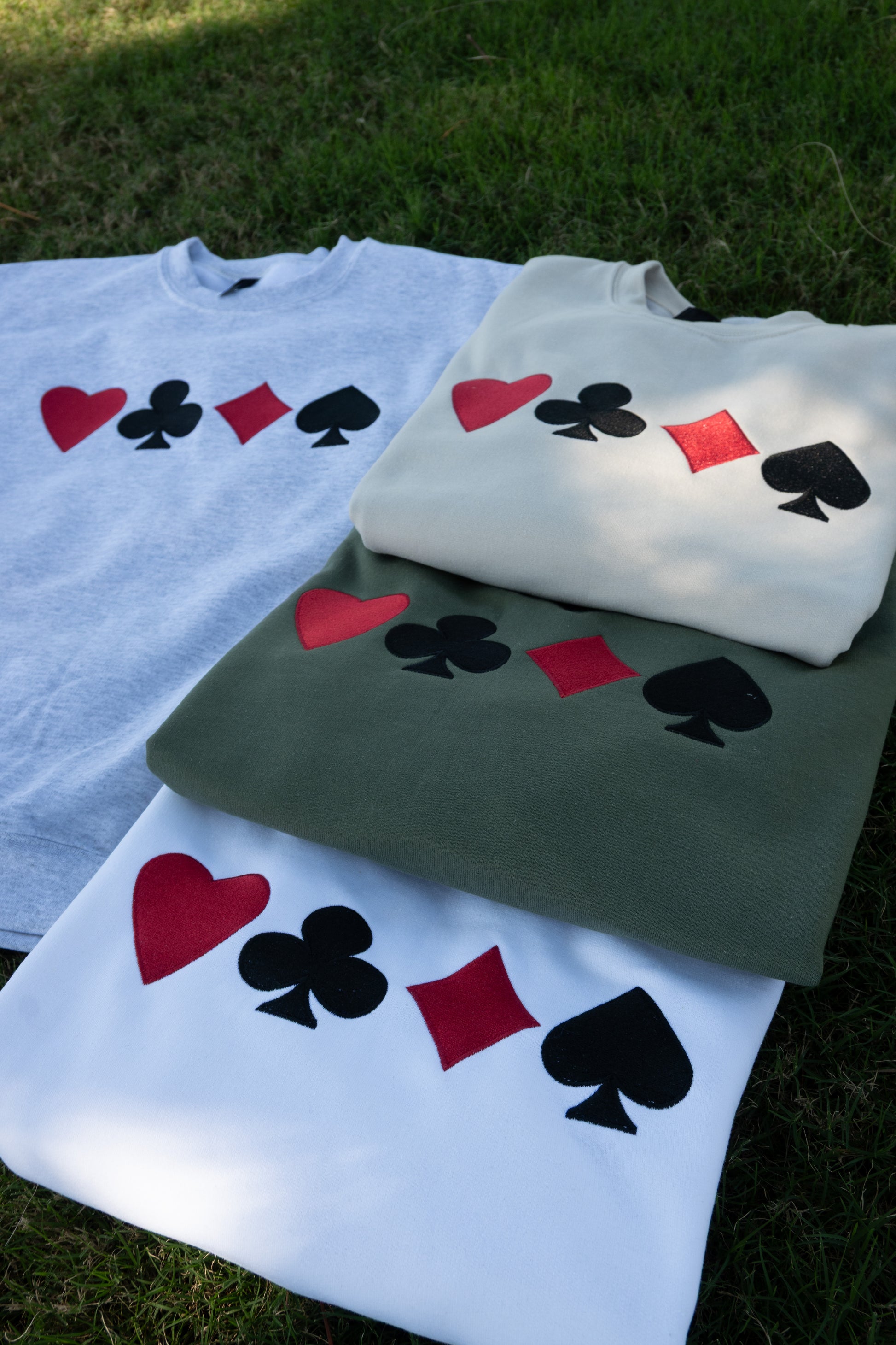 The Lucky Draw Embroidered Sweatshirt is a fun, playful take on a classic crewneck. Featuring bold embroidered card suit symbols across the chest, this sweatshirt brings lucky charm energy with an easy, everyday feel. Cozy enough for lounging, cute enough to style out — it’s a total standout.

+ + + + + + +

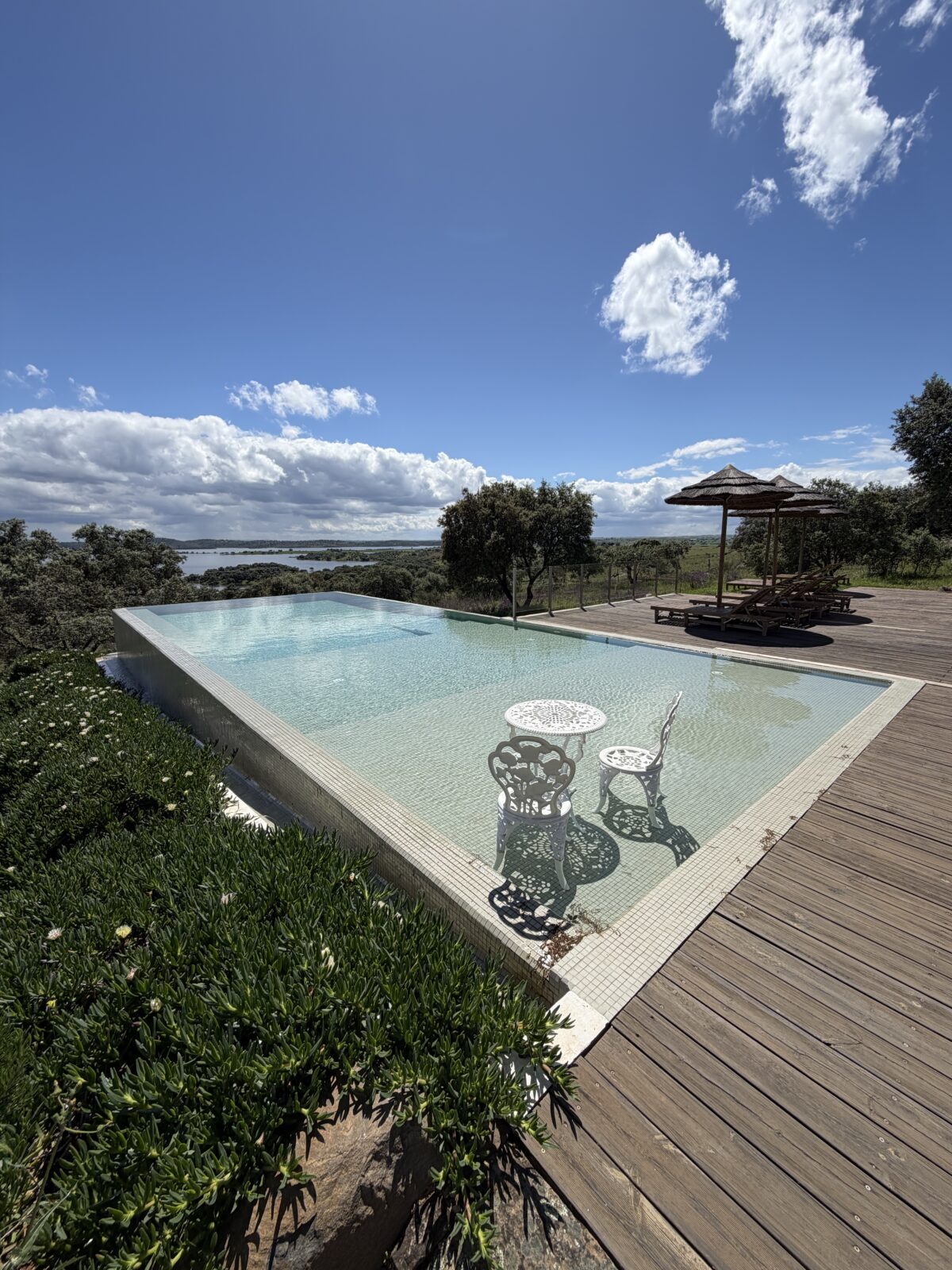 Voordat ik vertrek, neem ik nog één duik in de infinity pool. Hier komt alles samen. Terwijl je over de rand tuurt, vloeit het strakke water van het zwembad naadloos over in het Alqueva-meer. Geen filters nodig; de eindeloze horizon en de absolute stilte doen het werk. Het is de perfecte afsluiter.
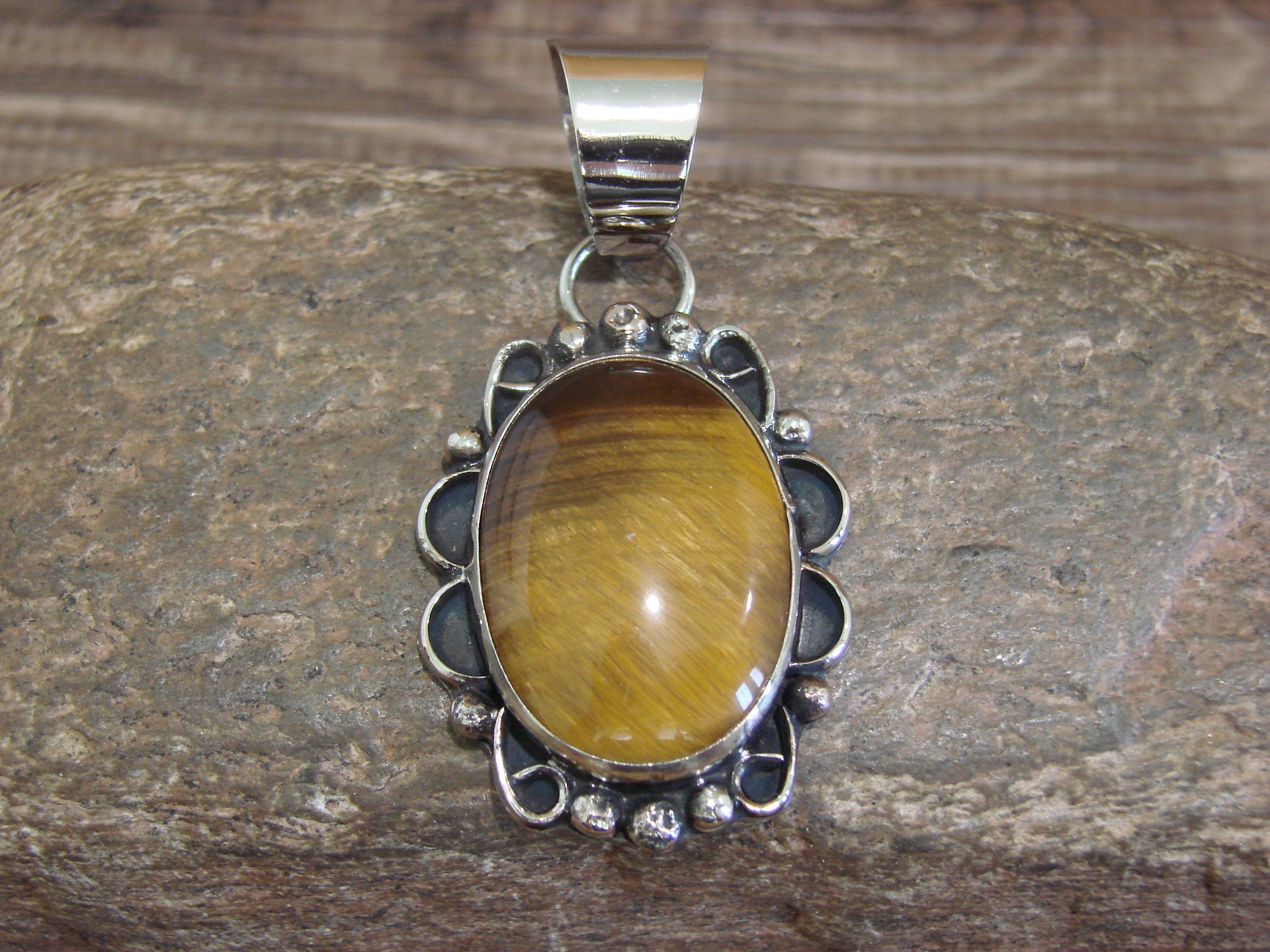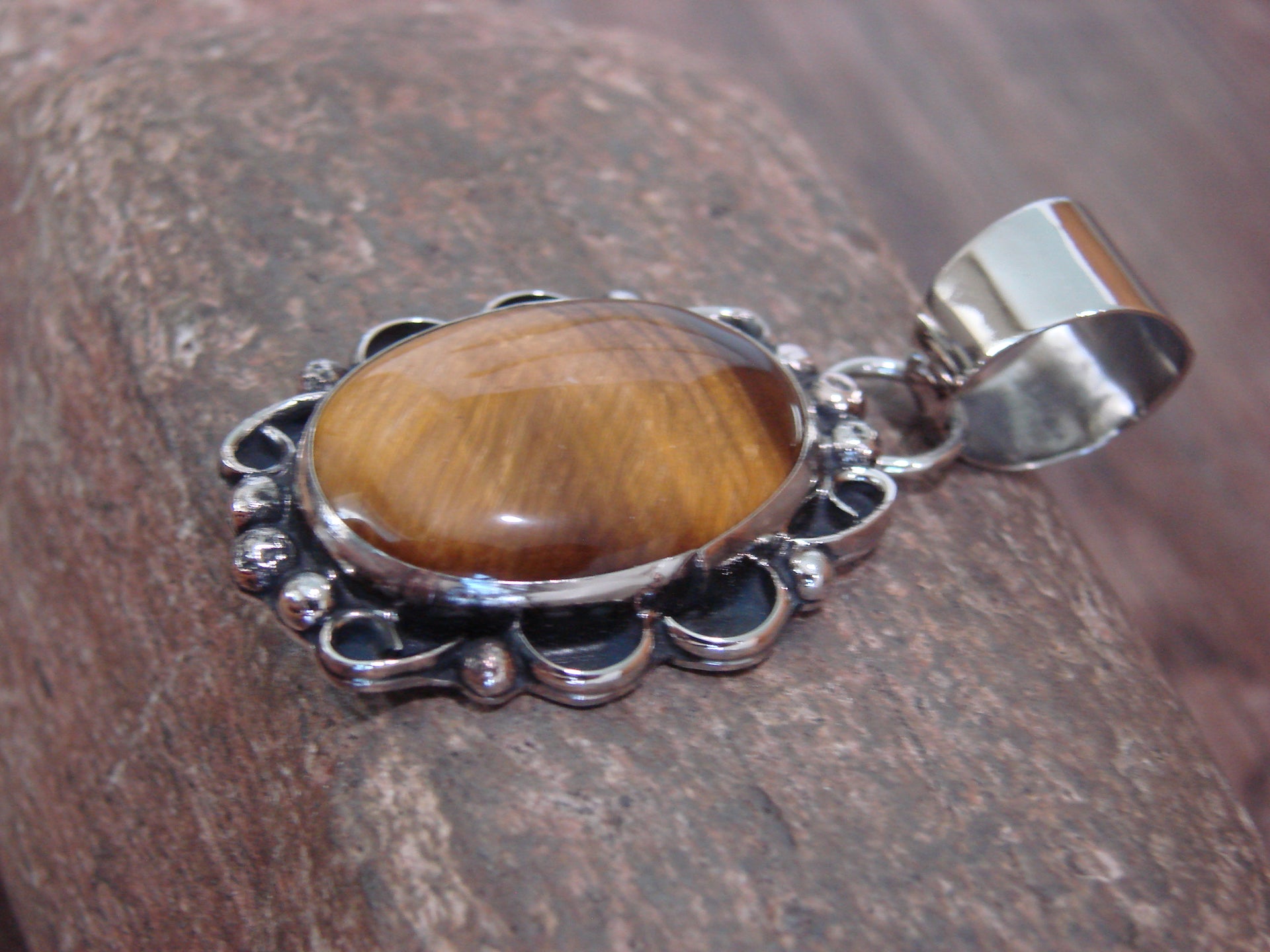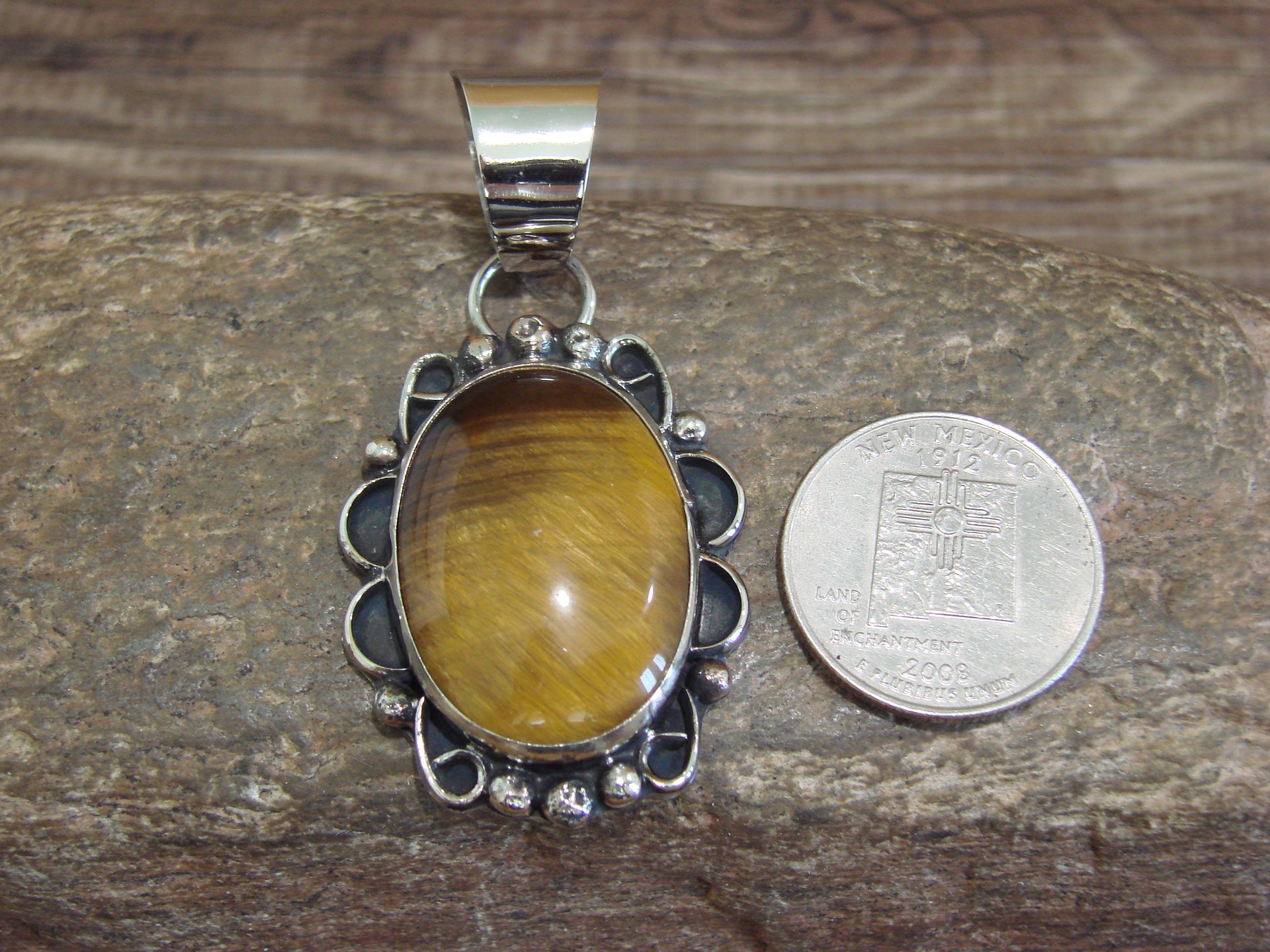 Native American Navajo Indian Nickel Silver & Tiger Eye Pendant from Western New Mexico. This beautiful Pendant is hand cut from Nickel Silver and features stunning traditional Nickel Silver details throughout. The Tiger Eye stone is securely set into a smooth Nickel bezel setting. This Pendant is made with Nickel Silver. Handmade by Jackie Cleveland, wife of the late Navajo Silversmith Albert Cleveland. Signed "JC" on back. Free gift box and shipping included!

+ + + + + + +

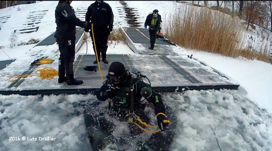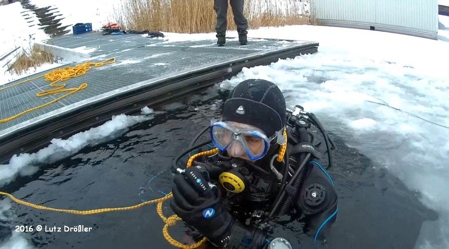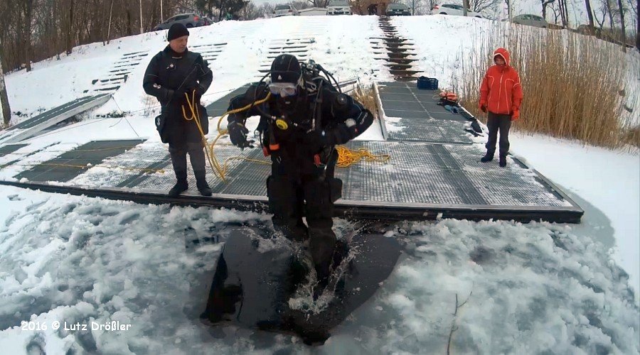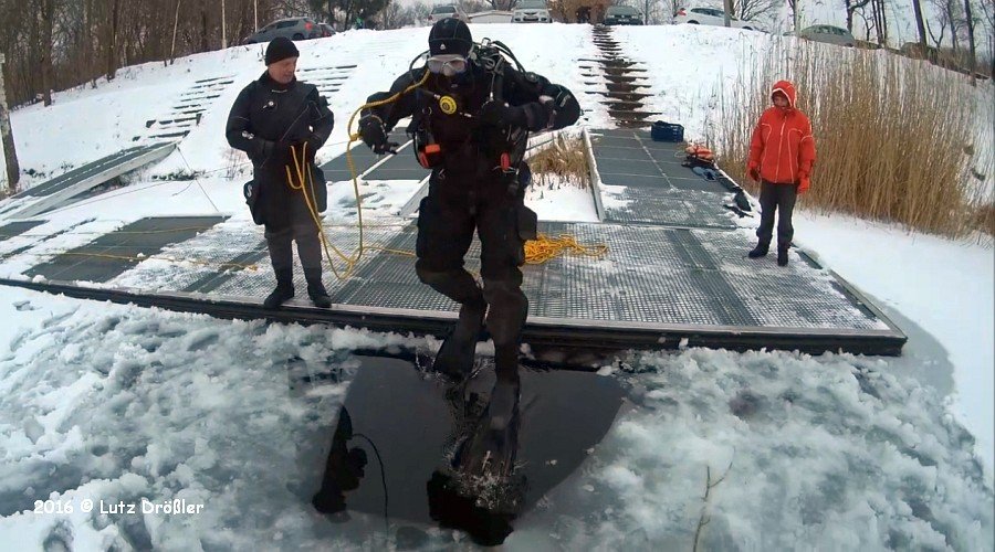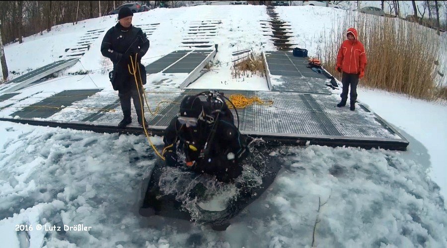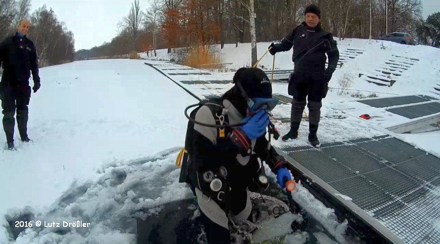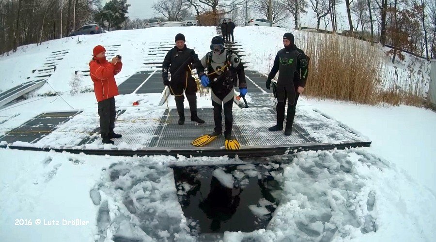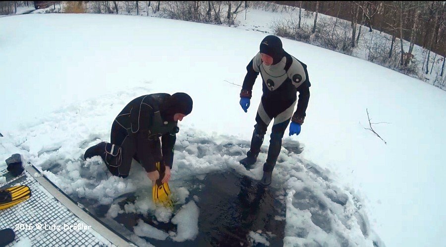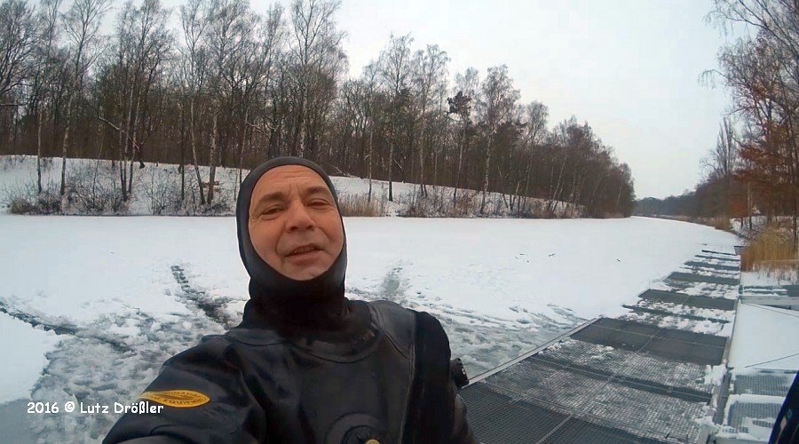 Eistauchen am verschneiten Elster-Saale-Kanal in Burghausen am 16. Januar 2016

+ + + + + + +

• **Work order**
Would you output only the span of the records above that opens with the line containing "Voordat ik vertrek, neem" and closes with the line containing "Native American Navajo", ends included and pictures dropped?

• **Written solution**
 Voordat ik vertrek, neem ik nog één duik in de infinity pool. Hier komt alles samen. Terwijl je over de rand tuurt, vloeit het strakke water van het zwembad naadloos over in het Alqueva-meer. Geen filters nodig; de eindeloze horizon en de absolute stilte doen het werk. Het is de perfecte afsluiter.
 Native American Navajo Indian Nickel Silver & Tiger Eye Pendant from Western New Mexico. This beautiful Pendant is hand cut from Nickel Silver and features stunning traditional Nickel Silver details throughout. The Tiger Eye stone is securely set into a smooth Nickel bezel setting. This Pendant is made with Nickel Silver. Handmade by Jackie Cleveland, wife of the late Navajo Silversmith Albert Cleveland. Signed "JC" on back. Free gift box and shipping included!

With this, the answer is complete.